Now lets treat education as endogenous and instrument for it using distance to college. Recall, we nee two conditions to hold for distance to be valid instrument. What are they?
Exogeneity: Does it directly impact my earnings? Probably not. I am talking about the direct effect of distance on education. Anything we can control for (such as living in a city vs the country) isnt really an issue. Ask yourself this: when you go apply for a job, would it be strange for the employer to ask you how far away
Relevance: Does it impact my own level of schooling? This one we can test. And the answer is probably.
Okay, now lets implement 2SLS
stage_one<-lm(education~distance + urban + gender + ethnicity + income + unemp, data=wage_data)
check relevance
summary(stage_one)
##
## Call:
## lm(formula = education ~ distance + urban + gender + ethnicity +
## income + unemp, data = wage_data)
##
## Residuals:
## Min 1Q Median 3Q Max
## -2.679 -1.564 -0.465 1.479 4.691
##
## Coefficients:
## Estimate Std. Error t value Pr(>|t|)
## (Intercept) 13.678428 0.085939 159.165 < 2e-16 ***
## distance -0.072826 0.012045 -6.046 1.60e-09 ***
## urbanyes -0.035527 0.063884 -0.556 0.5782
## genderfemale 0.015520 0.050790 0.306 0.7599
## ethnicityafam -0.403432 0.071541 -5.639 1.81e-08 ***
## ethnicityhispanic -0.144992 0.067187 -2.158 0.0310 *
## incomehigh 0.794369 0.057067 13.920 < 2e-16 ***
## unemp 0.016602 0.009586 1.732 0.0833 .
## ---
## Signif. codes: 0 '***' 0.001 '**' 0.01 '*' 0.05 '.' 0.1 ' ' 1
##
## Residual standard error: 1.735 on 4731 degrees of freedom
## Multiple R-squared: 0.06142, Adjusted R-squared: 0.06003
## F-statistic: 44.23 on 7 and 4731 DF, p-value: < 2.2e-16
get fitted values and add them to our data-frame
wage_data$x_hat <- fitted.values(stage_one)

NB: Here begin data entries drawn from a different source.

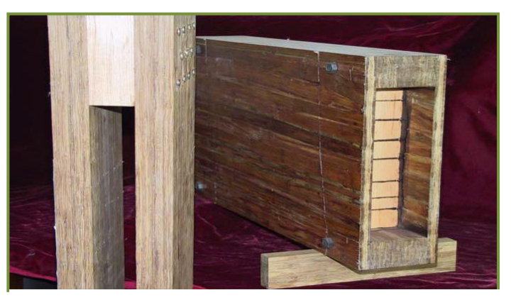
Figure 4. Moulded bamboo structural components - box-beam and splint-column made from bamboo laminated panels (fig. 2 from Wang & Guo, 2014).

Bamboo has been used in construction from times immemorial (Yuming & Chaomao, 2010), and still is, and in areas where it does not naturally occur, it is becoming ever more popular as an attractive and ecological building material for product and interior design (Uffelen, 2015). With technical advancement, new bamboo products are available: bamboo panels, knockdown bamboo furniture, processed bamboo flooring, pulp and paper and bamboo textiles (INBAR, 2014) (Fig. 4). Bamboo is also used for fencing, slats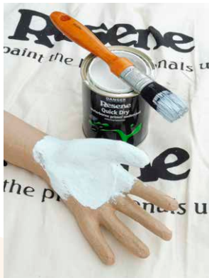
Step one Paint the paper maché hand with one coat of Resene Quick Dry and allow two hours to dry.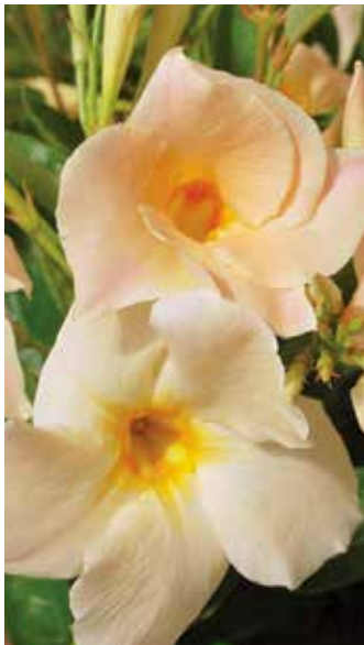
MANDEVILLA APRICOTT TRELLIS

stage_two<-lm(wage~urban + gender + ethnicity + unemp+x_hat+income, data=wage_data)
Lets compare the results.
summary(ols_mod)
##
## Call:
## lm(formula = wage ~ education + urban + gender + ethnicity +
## unemp + income, data = wage_data)
##
## Residuals:
## Min 1Q Median 3Q Max
## -3.3790 -0.8513 0.1701 0.8286 3.8570
##
## Coefficients:
## Estimate Std. Error t value Pr(>|t|)
## (Intercept) 8.685542 0.157062 55.300 < 2e-16 ***
## education -0.003891 0.010568 -0.368 0.7128
## urbanyes 0.078633 0.044691 1.760 0.0786 .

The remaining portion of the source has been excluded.